Мастер "Тетеревятника" его знал: капитан Хикс был астрогатором во
время первого рейса Райслинга на этом корабле.
- Добро пожаловать домой, Шумный, - приветствовал он Райслинга. - Ты
трезв или мне самому расписаться в книге?
- Шкипер, как можно надраться местным клопомором? Он расписался и
пошел вниз, волоча аккордеон. Десятью минутами позже он вернулся.
- Капитан, - заявил он мрачно, - барахлит второй двигатель. Кадмиевые
поглотители покорежены.
- При чем здесь я? Скажи чифу.
- Я сказал, но он уверяет, что все будет о'кей. Он ошибается. Капитан
указал на книгу.
- Вычеркивай свое имя и вали отсюда. Через тридцать минут мы
поднимаем корабль.
Райслинг посмотрел на него, пожал плечами и снова пошел вниз.
До спутников Юпитера пилить долго; керогаз класса "ястреб", прежде
чем выйти в свободный полет, обычно продувается три вахты.
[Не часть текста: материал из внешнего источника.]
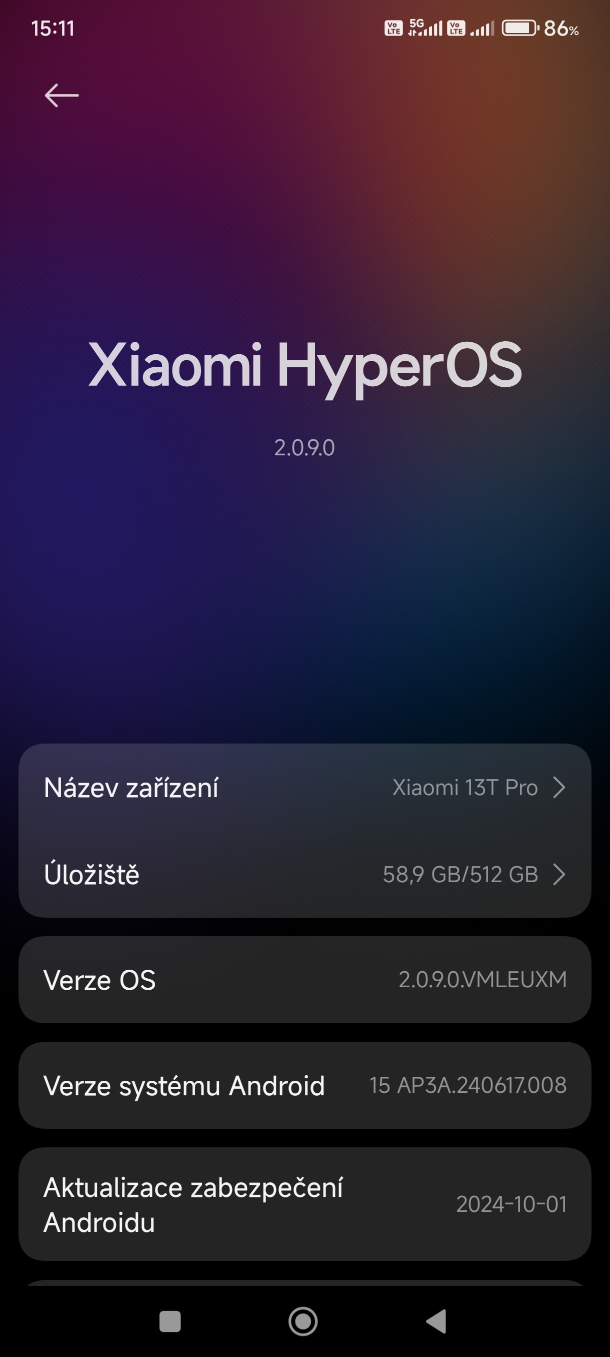 Včera se mi též aktualizoval telefon Xiaomi 13T Pro na Xiaomi HyperOS 2.0.9.0. Je fakt, že jsem měl beta verzi Androidu 15…

Райслинг держал
вторую. Глушение реактора в те времена производилось вручную с помощью
масштабного верньера и монитора контроля опасности. Когда прибор
засветился красным, Райслинг попытался подкорректировать реактор -
безуспешно.
Джетмены не ждут - потому они и джетмены. Он задраил заглушку и
взялся выуживать "горячие" стержни щипцами. Погас свет, Райслинг продолжал
работу. Джетмен обязан знать машинное отделение, как язык знает зубы.
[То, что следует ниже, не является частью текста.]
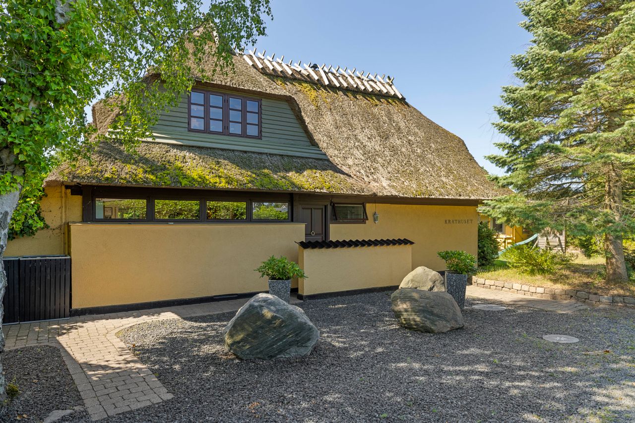 Med strå på taget, historie i væggene og lyng i forhaven står Krathuset som kvarterets ældste og absolut fineste dame - opført i 1932 af en hattemager fra København, der fandt sit fristed her blandt krat, klitter og havudsigt. Dengang lå huset alene. Siden voksede vejen frem omkring det og fik sit navn netop efter huset. Krathuset er ikke længere bare et sommerhus. Det er en sjælefuld helårsbolig fyldt med kærlighed, gemt bag sprossede vinduer og med bølgeskvulp og havgus, som nærmeste følgesvende.
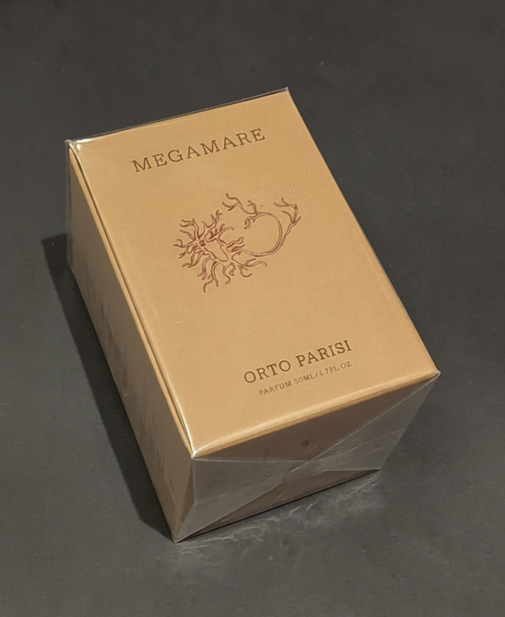 Коробка выполнена в коричневом оттенке, напоминающем плотный крафтовый картон, не самого обычного формата. На лицевой стороне крупно напечатано название Megamare, ниже — фирменный кораллово-красный символ, напоминающий морской коралл или абстрактную органическую форму, что снова отсылает к морской тематике аромата.
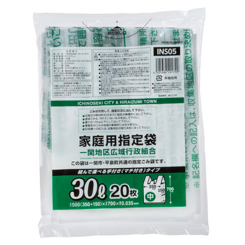 ●一関地区家庭用指定、手付きのごみ袋、30L(中)の20枚入です。

Райслинг мельком глянул поверх свинцового щита в тот момент, когда
погас свет. Голубое радиационное свечение ему ничуть не помогало; он
отдернул голову и продолжал удить на ощупь.
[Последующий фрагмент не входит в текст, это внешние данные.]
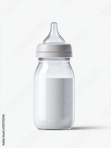 Baby milk feeding bottle with transparent body and silicone nipple isolated on clean background for childcare product advertising, parenting blogs and infant nutrition promotion

Закончив работу, он воззвал в переговорную трубу:
- Второй двигатель накрылся. И, задницы куриные, дайте сюда свет!
Свет там был - аварийная цепь, - но не для него. Голубой радиационный
мираж был последним, на что отреагировал его зрительный нерв.
Пока Пространство и время, крутясь, ставят звездный балет,
Слезы преодоленных мук серебряный сеют свет.
И башни истины, как всегда, охраняют Большой канал,
Никто отраженья хрупкие их не тронул, не запятнал.
Народа уставшего плоть и мысль сгинули без следа,
Хрустальные слезы былых богов вдаль унесла вода,
И в сердце Марса не стало сил, и хладен простор небес,
И воздух недвижимый пророчит смерть тем, кто еще не исчез...
Но Шпили и Башни в честь Красоты слагают свой мадригал,
Придут времена, и вернется она сюда, на Большой канал!
(Из сборника "Большой канал", с разрешения
"Люкс Транскрипшин, Лтд", Лондон и Луна-сити.)
На обратной петле Райслинга высадили на Марс в Сухих Водах, ребята
пустили шляпу по кругу, а шкипер сделал взнос в размере двухнедельного
заработка. Вот и все. Финиш. Еще один космический боз, которому не
посчастливилось рассчитаться сразу, когда сбежала удача. Один зимний месяц
- или около того - он просидел в Куда-Дальше? с изыскателями и археологами
и, вероятно, смог бы остаться навсегда в обмен на песни и игру на
аккордеоне. Но космонавты умирают, если сидят на месте; он заполучил место
на краулере до Сухих Вод, а оттуда - в Марсополис.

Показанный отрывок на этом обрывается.